The selection of microtome knife blade profile depends upon the material and preparation of the samples, as well as the final sample requirements (e.g. cut thickness and quality).

===Design and cut types===

Profiles of microtome knives

Generally, knives are characterized by the profile of the knife blade, which falls under the categories of planar concave, wedge shaped or chisel shaped designs.

Planar concave microtome knives are extremely sharp, but are also very delicate and are therefore only used with very soft samples. The wedge profile knives are somewhat more stable and find use in moderately hard materials, such as in epoxy or cryogenic sample cutting. Finally, the chisel profile, with its blunt edge, raises the stability of the knife, whilst requiring significantly more force to achieve the cut.

For ultramicrotomes, glass and diamond knives are required; the cut breadth of the blade is therefore on the order of a few millimetres and is therefore significantly smaller than for classical microtome knives. Glass knives are usually manufactured by the fracture of glass bars using special "knife-maker" fracturing devices. Glass knives may be used for initial sample preparations even where diamond knives may be used for final sectioning. Glass knives usually have small troughs, made with plastic tape, which are filled with water to allow the sample to float for later collection. Diamond blades may be built into such an existing trough, allowing for the same collection method.

===Sectioning===
Prior to cutting by microtome, biological materials are usually placed in a more rigid fixative, in a process known as embedding. This is achieved by the inflow of a liquid substance around the sample, such as paraffin (wax) or epoxy, which is placed in a mold and later hardened to produce a "block" which is readily cut.
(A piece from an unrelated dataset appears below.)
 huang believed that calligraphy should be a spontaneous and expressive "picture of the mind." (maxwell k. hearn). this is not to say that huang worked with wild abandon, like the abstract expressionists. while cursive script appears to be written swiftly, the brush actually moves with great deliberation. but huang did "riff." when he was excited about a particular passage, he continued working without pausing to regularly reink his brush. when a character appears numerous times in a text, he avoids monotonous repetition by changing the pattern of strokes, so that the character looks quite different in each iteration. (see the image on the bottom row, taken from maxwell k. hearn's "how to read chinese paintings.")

The declination is the angle of contact between the sample vertical and knife blade. If the knife blade is at right angles (declination=90) the cut is made directly using a pressure based mode, and the forces are therefore proportionally larger. If the knife is tilted, however, the relative motion of the knife is increasingly parallel to sample motion, allowing for a slicing action. This behaviour is very important for large or hard samples.
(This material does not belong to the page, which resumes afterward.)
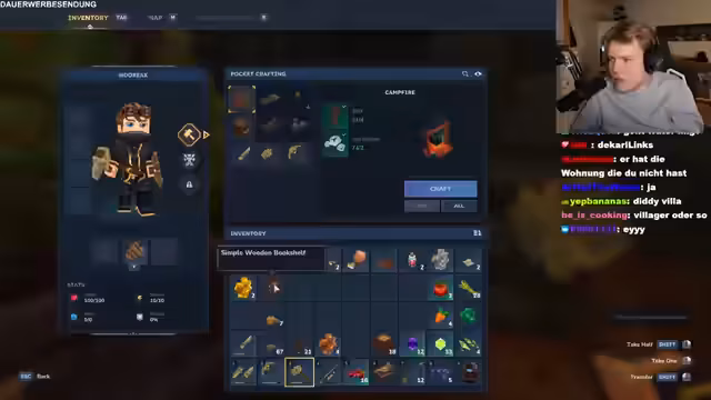 01:38:29Der Streamer erkundet die Welt und stellt fest, dass es sich um ein Open-World-Spiel handelt, das er nicht direkt mit Minecraft vergleichen möchte. Er ist von der soliden Grundmechanik beeindruckt und bemerkt kleine Strukturen und ein Observatorium. Die Arbeit einer Workbench wird getestet, die grundlegende Crafting-Funktionalität zeigt sich in Bögen, Pfeilen, Truhen und Betten. Er ist positiv überrascht von der Atmosphäre und dem Gefühl der Entdeckung, obwohl er anfangs unsicher ist, was genau die Ziele des Spiels sind.

The inclination of the knife is the angle between the knife face and the sample. For an optimal result, this angle must be chosen appropriately. The optimal angle depends upon the knife geometry, the cut speed and many other parameters. If the angle is adjusted to zero, the knife cut can often become erratic, and a new location of the knife must be used to smooth this out.
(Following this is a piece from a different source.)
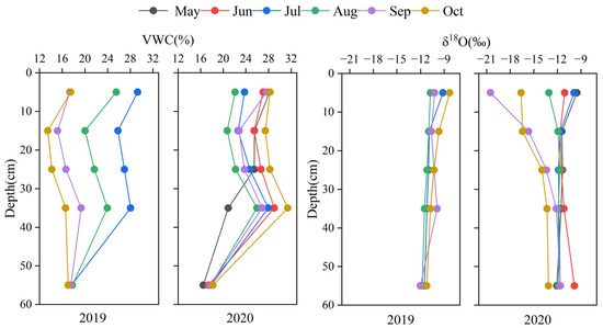 Vertical soil profiles of VWC and δ18O values of soil water for each month in 2019 and 2020.

If the angle is too large, the sample can crumple and the knife can induce periodic thickness variations in the cut. By further increasing the angle such that it is too large one can damage the knife blade itself.

==Current Microtome Technology==
The microtome market is undergoing a significant transformation due to rapid advancements in laboratory automation and precision engineering. Modern laboratories are adopting advanced microtome systems such as rotary microtomes, cryostat microtomes, and ultramicrotomes to enhance tissue sample preparation.